* PROVIDED DATA:
┄┄┄┄┄┄
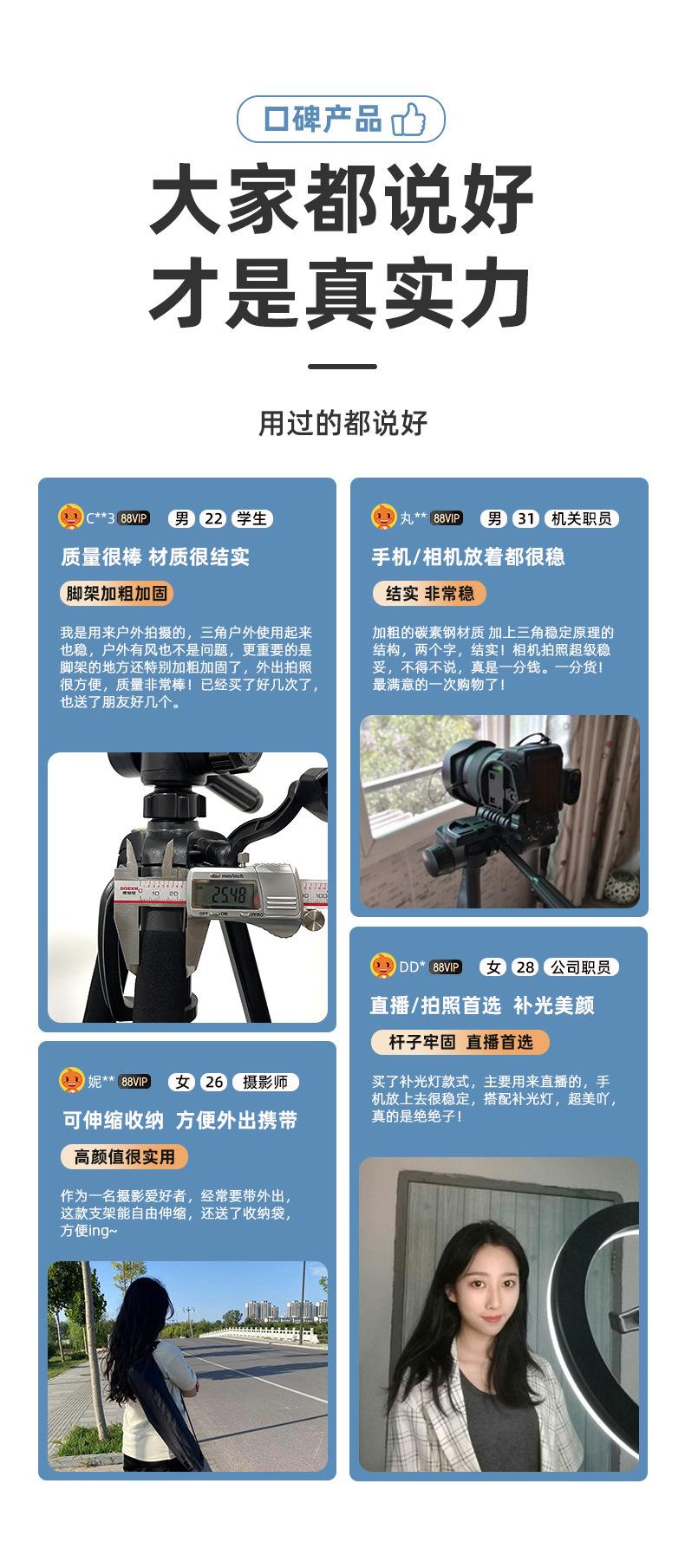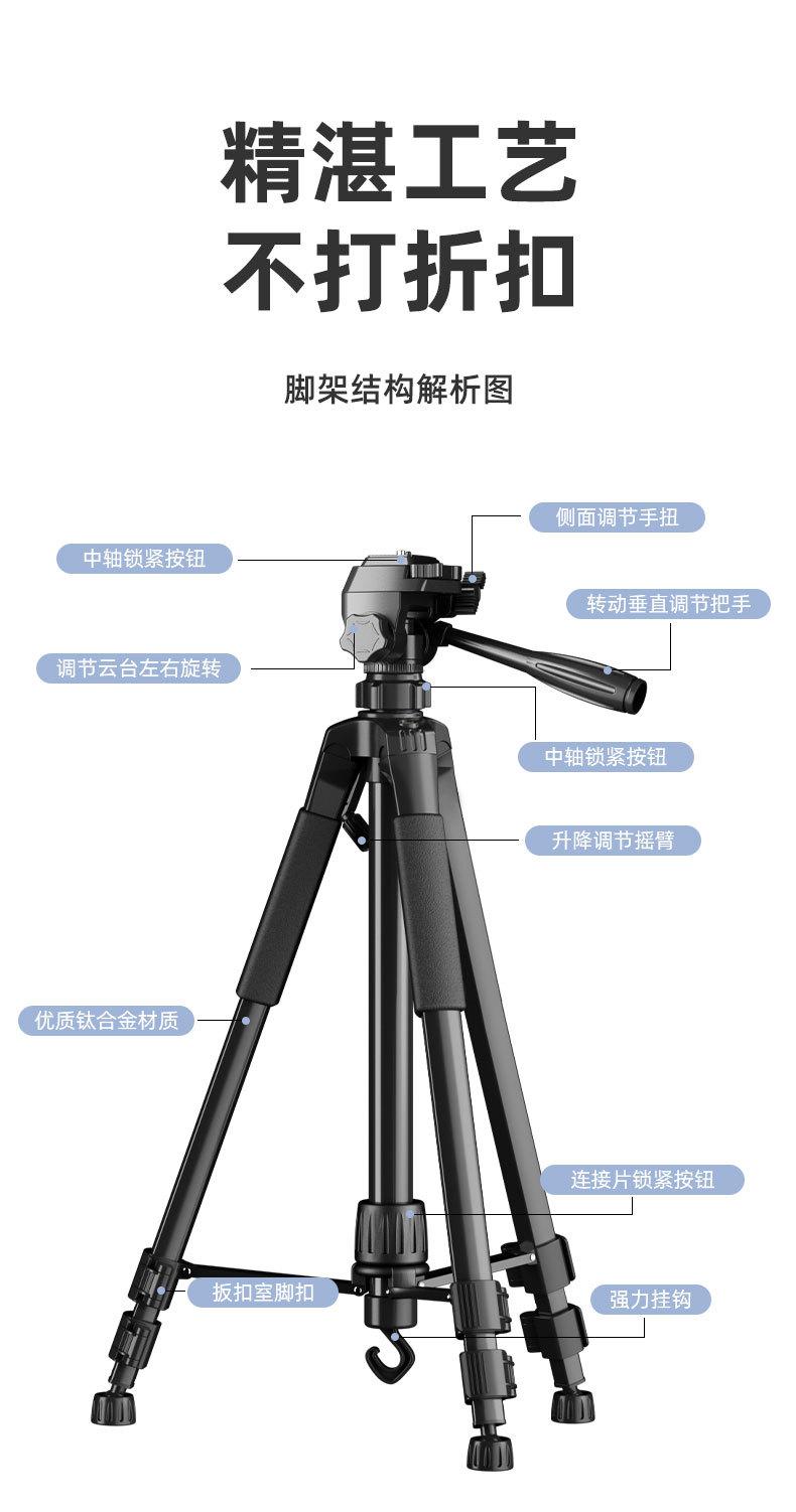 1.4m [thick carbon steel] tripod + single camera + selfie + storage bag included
┄┄┄┄┄┄
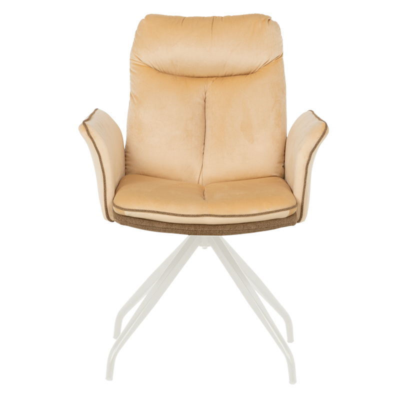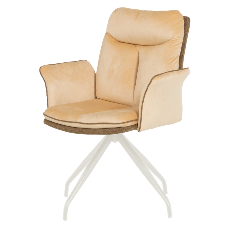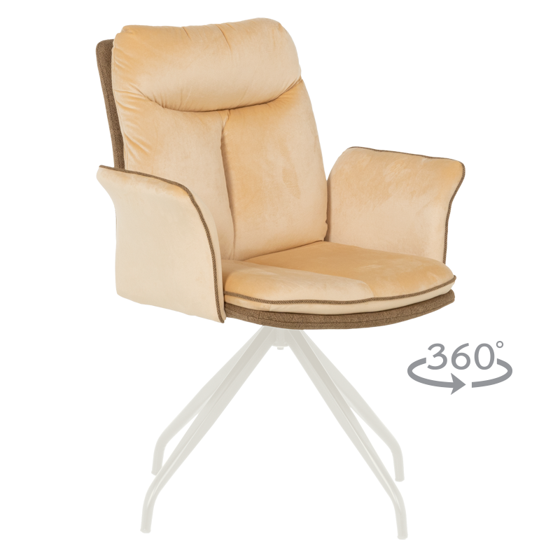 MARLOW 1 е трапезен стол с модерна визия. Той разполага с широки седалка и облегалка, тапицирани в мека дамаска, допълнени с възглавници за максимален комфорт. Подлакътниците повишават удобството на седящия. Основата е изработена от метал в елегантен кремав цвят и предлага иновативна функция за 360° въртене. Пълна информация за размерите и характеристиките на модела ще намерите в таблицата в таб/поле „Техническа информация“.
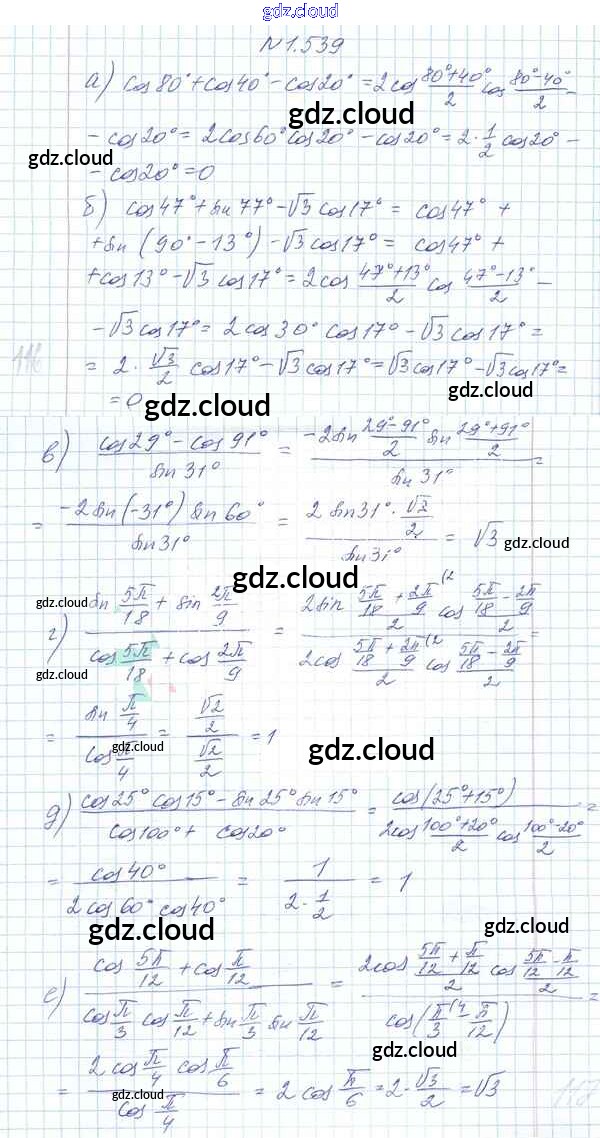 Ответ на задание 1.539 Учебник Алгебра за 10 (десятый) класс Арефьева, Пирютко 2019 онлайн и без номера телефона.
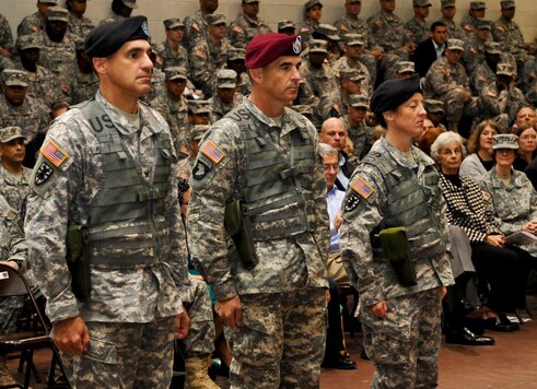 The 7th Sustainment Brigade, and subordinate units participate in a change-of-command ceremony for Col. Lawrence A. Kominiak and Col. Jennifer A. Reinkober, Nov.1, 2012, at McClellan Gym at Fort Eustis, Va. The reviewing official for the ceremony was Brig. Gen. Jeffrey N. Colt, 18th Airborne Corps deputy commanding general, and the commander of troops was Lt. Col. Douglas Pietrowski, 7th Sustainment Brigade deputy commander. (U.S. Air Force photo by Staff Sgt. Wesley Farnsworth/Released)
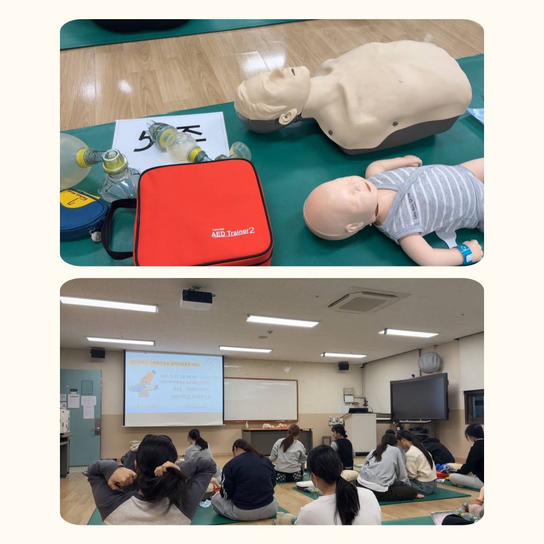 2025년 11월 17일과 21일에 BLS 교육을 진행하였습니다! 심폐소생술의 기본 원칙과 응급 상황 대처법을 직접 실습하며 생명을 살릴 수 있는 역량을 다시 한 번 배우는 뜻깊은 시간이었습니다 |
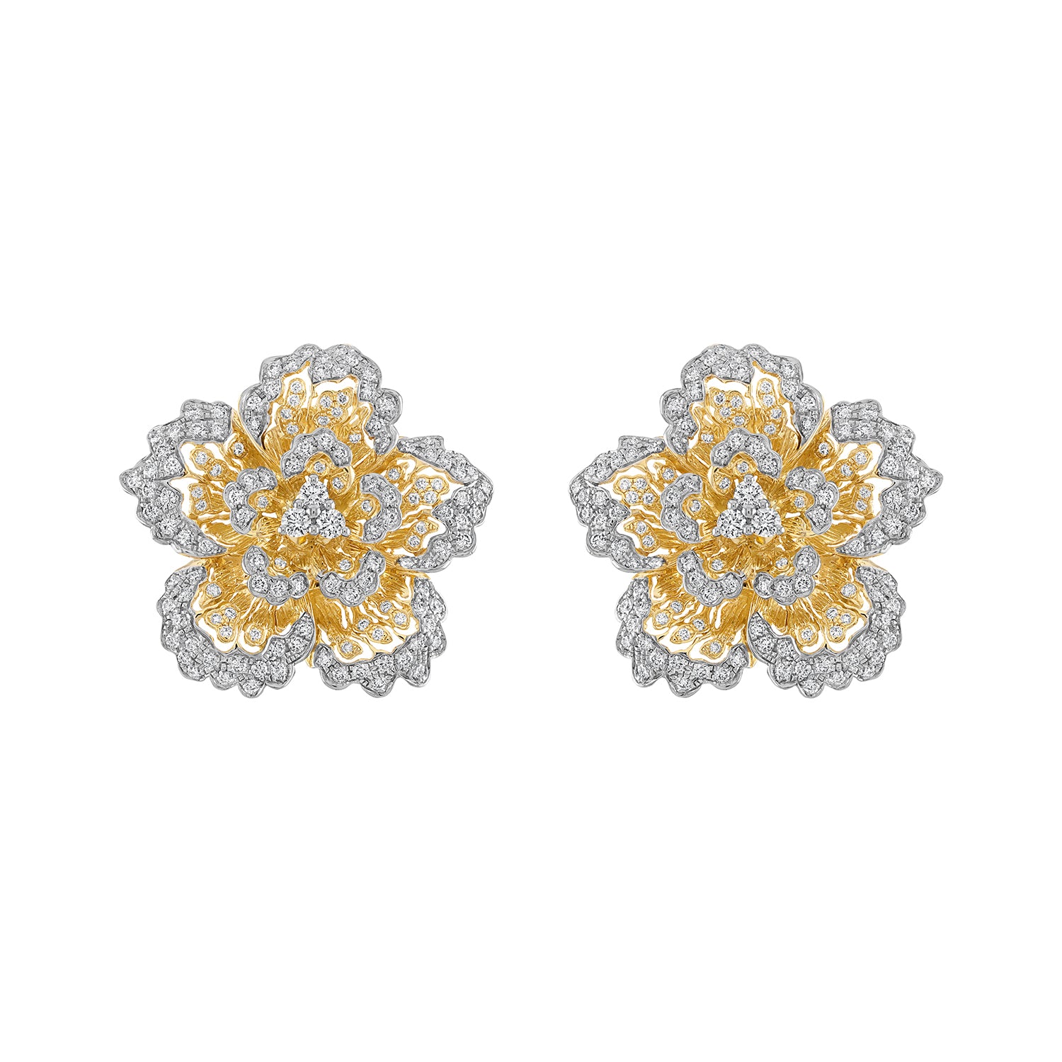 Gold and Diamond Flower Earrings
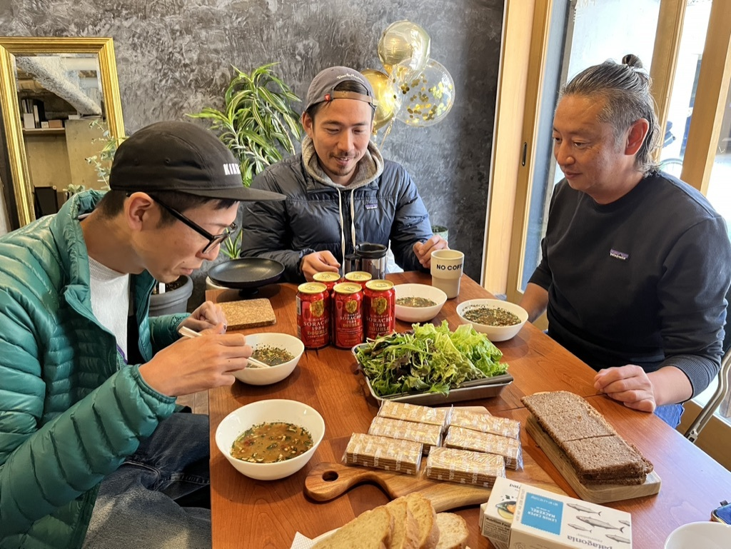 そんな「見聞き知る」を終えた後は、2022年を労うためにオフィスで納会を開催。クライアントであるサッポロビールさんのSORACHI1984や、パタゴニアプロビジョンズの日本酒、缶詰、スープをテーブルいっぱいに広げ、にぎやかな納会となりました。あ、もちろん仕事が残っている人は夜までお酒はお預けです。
┄┄┄┄┄┄
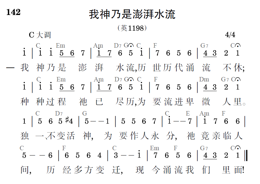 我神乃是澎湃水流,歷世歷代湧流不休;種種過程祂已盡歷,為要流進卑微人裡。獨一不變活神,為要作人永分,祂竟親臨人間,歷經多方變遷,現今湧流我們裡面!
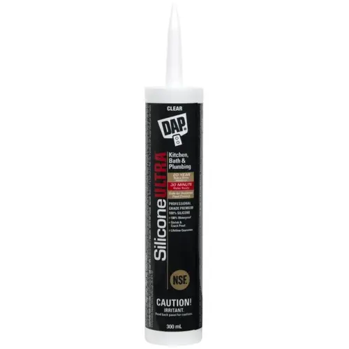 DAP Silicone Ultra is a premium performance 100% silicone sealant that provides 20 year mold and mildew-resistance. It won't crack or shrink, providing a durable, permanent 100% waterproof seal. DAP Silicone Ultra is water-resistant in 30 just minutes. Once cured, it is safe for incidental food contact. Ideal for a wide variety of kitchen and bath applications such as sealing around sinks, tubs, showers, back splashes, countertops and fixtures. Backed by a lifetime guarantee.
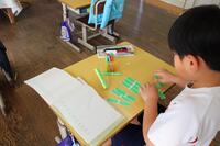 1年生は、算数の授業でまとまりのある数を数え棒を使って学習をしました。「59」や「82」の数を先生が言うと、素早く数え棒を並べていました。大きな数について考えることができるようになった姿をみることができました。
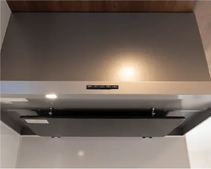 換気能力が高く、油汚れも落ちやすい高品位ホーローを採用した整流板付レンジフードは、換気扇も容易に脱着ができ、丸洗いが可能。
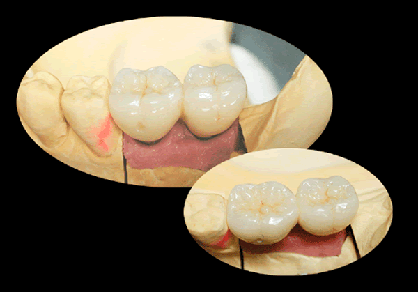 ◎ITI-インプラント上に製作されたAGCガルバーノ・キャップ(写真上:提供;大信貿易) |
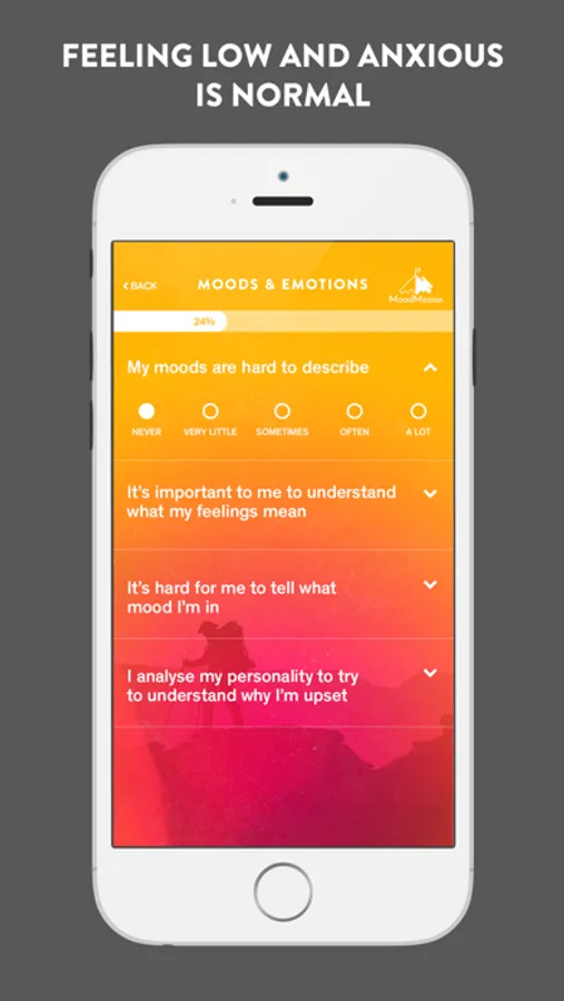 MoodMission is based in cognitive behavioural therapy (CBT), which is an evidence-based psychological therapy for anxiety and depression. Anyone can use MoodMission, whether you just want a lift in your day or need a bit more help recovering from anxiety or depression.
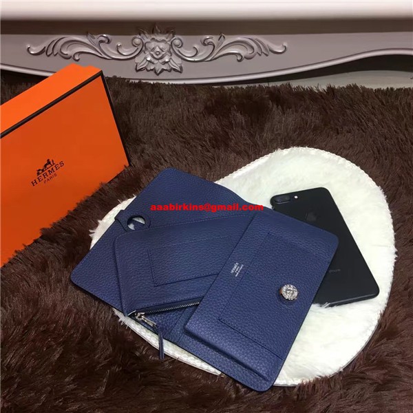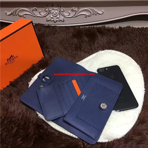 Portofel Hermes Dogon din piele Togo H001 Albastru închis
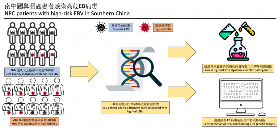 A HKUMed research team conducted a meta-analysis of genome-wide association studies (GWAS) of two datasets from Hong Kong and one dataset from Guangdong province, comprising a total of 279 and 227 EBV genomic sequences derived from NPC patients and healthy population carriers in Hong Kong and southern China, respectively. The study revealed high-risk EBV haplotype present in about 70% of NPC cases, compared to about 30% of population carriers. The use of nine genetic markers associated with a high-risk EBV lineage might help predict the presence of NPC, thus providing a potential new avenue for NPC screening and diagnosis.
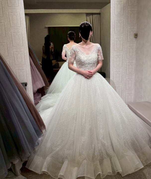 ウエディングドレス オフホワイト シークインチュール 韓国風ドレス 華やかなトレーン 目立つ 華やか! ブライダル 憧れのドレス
┄┄┄┄┄┄
* THE PROBLEM: Given the entries above, transcribe exactly the lines from the one holding "Ответ на задание" through the one holding "そんな「見聞き知る」を終えた"; pictures do not belong in the transcription.

* ANSWER SPACE:
 Ответ на задание 1.539 Учебник Алгебра за 10 (десятый) класс Арефьева, Пирютко 2019 онлайн и без номера телефона.
 The 7th Sustainment Brigade, and subordinate units participate in a change-of-command ceremony for Col. Lawrence A. Kominiak and Col. Jennifer A. Reinkober, Nov.1, 2012, at McClellan Gym at Fort Eustis, Va. The reviewing official for the ceremony was Brig. Gen. Jeffrey N. Colt, 18th Airborne Corps deputy commanding general, and the commander of troops was Lt. Col. Douglas Pietrowski, 7th Sustainment Brigade deputy commander. (U.S. Air Force photo by Staff Sgt. Wesley Farnsworth/Released)
 2025년 11월 17일과 21일에 BLS 교육을 진행하였습니다! 심폐소생술의 기본 원칙과 응급 상황 대처법을 직접 실습하며 생명을 살릴 수 있는 역량을 다시 한 번 배우는 뜻깊은 시간이었습니다 |
 Gold and Diamond Flower Earrings
 そんな「見聞き知る」を終えた後は、2022年を労うためにオフィスで納会を開催。クライアントであるサッポロビールさんのSORACHI1984や、パタゴニアプロビジョンズの日本酒、缶詰、スープをテーブルいっぱいに広げ、にぎやかな納会となりました。あ、もちろん仕事が残っている人は夜までお酒はお預けです。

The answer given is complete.